[Description of the task]
Repeat only the stretch of lines below that runs from the line with "保護したばかりなのでまだ怖が" through the line with "Impugnatura (kozuka) di", unaltered.

[Records for the task]

# # # # #

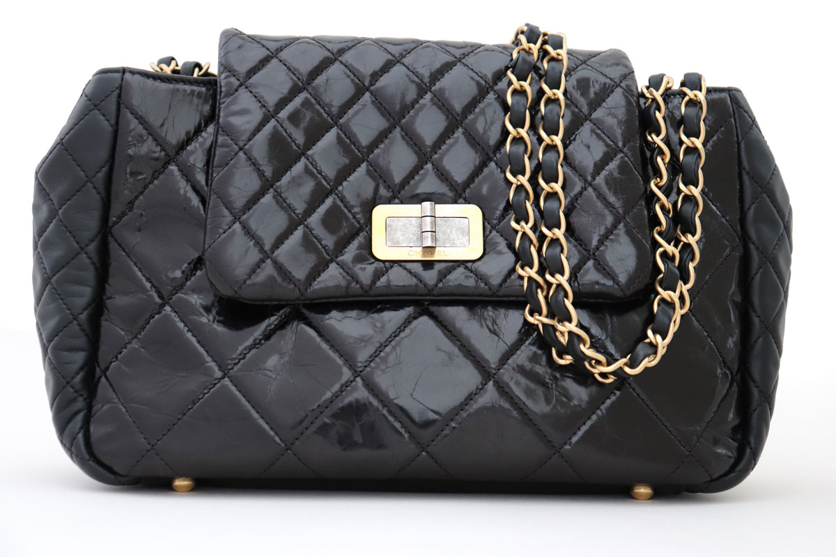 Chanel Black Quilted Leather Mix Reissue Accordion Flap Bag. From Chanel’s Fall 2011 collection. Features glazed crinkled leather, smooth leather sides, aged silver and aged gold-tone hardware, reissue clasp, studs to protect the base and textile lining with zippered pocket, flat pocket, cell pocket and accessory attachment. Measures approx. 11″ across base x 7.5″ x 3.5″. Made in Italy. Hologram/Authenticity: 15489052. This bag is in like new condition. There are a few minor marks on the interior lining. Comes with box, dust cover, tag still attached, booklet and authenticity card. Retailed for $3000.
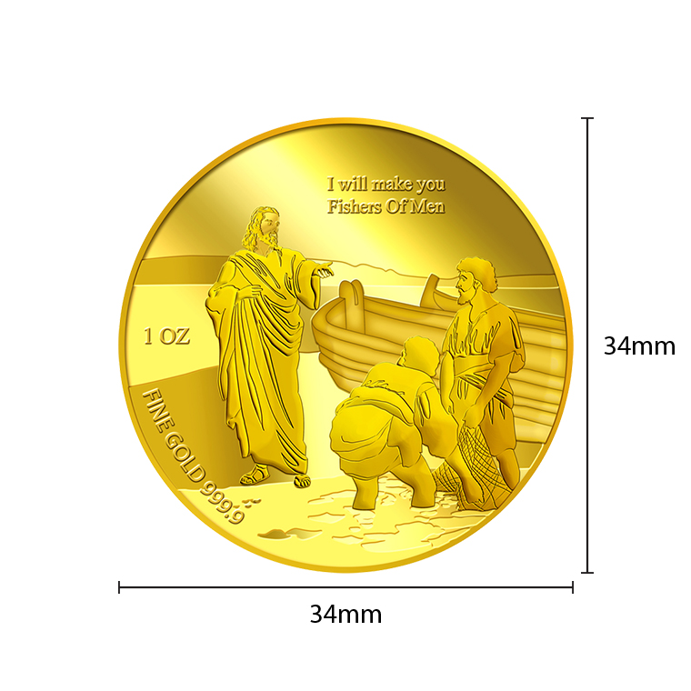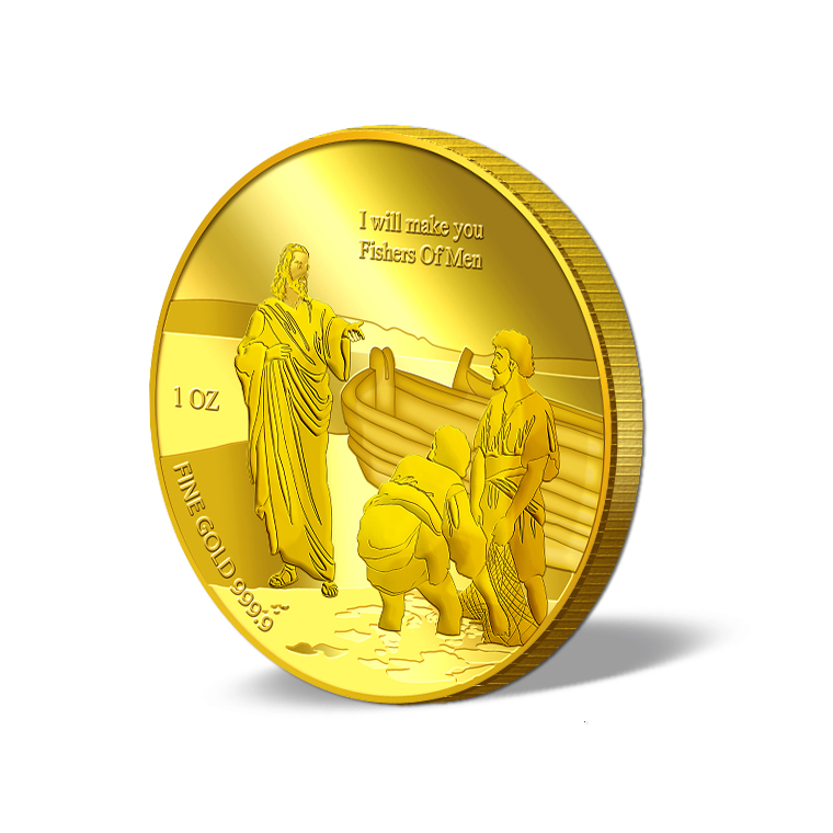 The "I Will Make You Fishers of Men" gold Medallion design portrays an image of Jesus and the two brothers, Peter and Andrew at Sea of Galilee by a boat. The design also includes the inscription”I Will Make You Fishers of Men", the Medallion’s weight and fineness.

# # # # #

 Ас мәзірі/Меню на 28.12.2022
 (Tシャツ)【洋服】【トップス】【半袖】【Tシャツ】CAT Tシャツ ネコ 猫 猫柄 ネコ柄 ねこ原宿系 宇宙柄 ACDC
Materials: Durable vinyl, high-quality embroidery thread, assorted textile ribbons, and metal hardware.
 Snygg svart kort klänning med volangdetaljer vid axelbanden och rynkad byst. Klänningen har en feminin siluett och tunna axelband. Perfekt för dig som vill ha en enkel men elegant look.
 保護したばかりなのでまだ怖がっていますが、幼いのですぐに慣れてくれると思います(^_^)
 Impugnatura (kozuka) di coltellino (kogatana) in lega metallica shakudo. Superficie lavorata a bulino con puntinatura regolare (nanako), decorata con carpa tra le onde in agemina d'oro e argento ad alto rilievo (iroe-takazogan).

# # # # #

[Exercise solution]
 保護したばかりなのでまだ怖がっていますが、幼いのですぐに慣れてくれると思います(^_^)
 Impugnatura (kozuka) di coltellino (kogatana) in lega metallica shakudo. Superficie lavorata a bulino con puntinatura regolare (nanako), decorata con carpa tra le onde in agemina d'oro e argento ad alto rilievo (iroe-takazogan).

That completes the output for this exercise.